Viii. Nodejs Middleware Agent cross-domain

Node middleware implementation of cross-domain proxy, the principle is the same as Nginx, all by starting a proxy server to achieve data forwarding, you can also set the Cookiedomainrewrite parameter to modify the domain name in the cookie in the response header, to achieve the current domain cookie write, Convenient interface login authentication.

1, non-VUE framework cross-domain (2 cross-domain)

Use node + Express + Http-proxy-middleware to build a proxy server.

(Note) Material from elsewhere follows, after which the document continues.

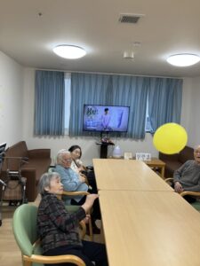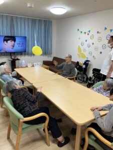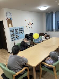 今日はフロアにて、みなさんで輪になって座ったままの風船バレーを行いました😊✨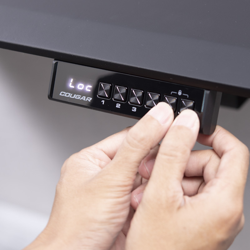 El controlador de visualización de altura LCD le permite operar fácilmente. Puede operar intuitivamente los botones de flecha para subir o bajar alturas con cuatro botones de memoria para guardar sus alturas favoritas. Mediante la función de un solo toque puede moverse a sus alturas memorizadas para un ajuste rápido.

1.) Front-End code example:

var xhr = new XMLHttpRequest ();//Front-end switch: whether the browser reads and writes cookiexhr.withcredentials = true;//Access Http-proxy-middleware Proxy Server Xhr.open (' Get ', ' http://www.domain1.com:3000/login?user=admin ', true); Xhr.send ();

2.) Middleware server:

var express = require (' Express '), var proxy = require (' Http-proxy-middleware '), var app = Express (), App.use ('/', proxy ({ c0/>//Proxy cross-domain destination interface target    : ' http://www.domain2.com:8080 ',    changeorigin:true,    //Modify response header information, implement cross-domain and allow cookies    onproxyres:function (proxyres, req, res) {        res.header (' access-control-allow-origin ', '/HTTP/ Www.domain1.com ');        Res.header (' Access-control-allow-credentials ', ' true ');    },    //Modify the cookie domain name in the response message    cookiedomainrewrite: ' Www.domain1.com '  //can be false, indicating no modification}); app.listen; Console.log (' Proxy server is listen at Port 3000 ... ');

3.) Nodejs Backstage with (vi: NGINX)

2. Cross-domain (1 cross-domain) of the Vue framework

Cross-domain using node + webpack + Webpack-dev-server Proxy interface. In the development environment, since the Vue rendering service and the interface Proxy service are all webpack-dev-server the same, there is no longer a cross-domain between the page and the proxy interface, and there is no need to set headers cross-domain information.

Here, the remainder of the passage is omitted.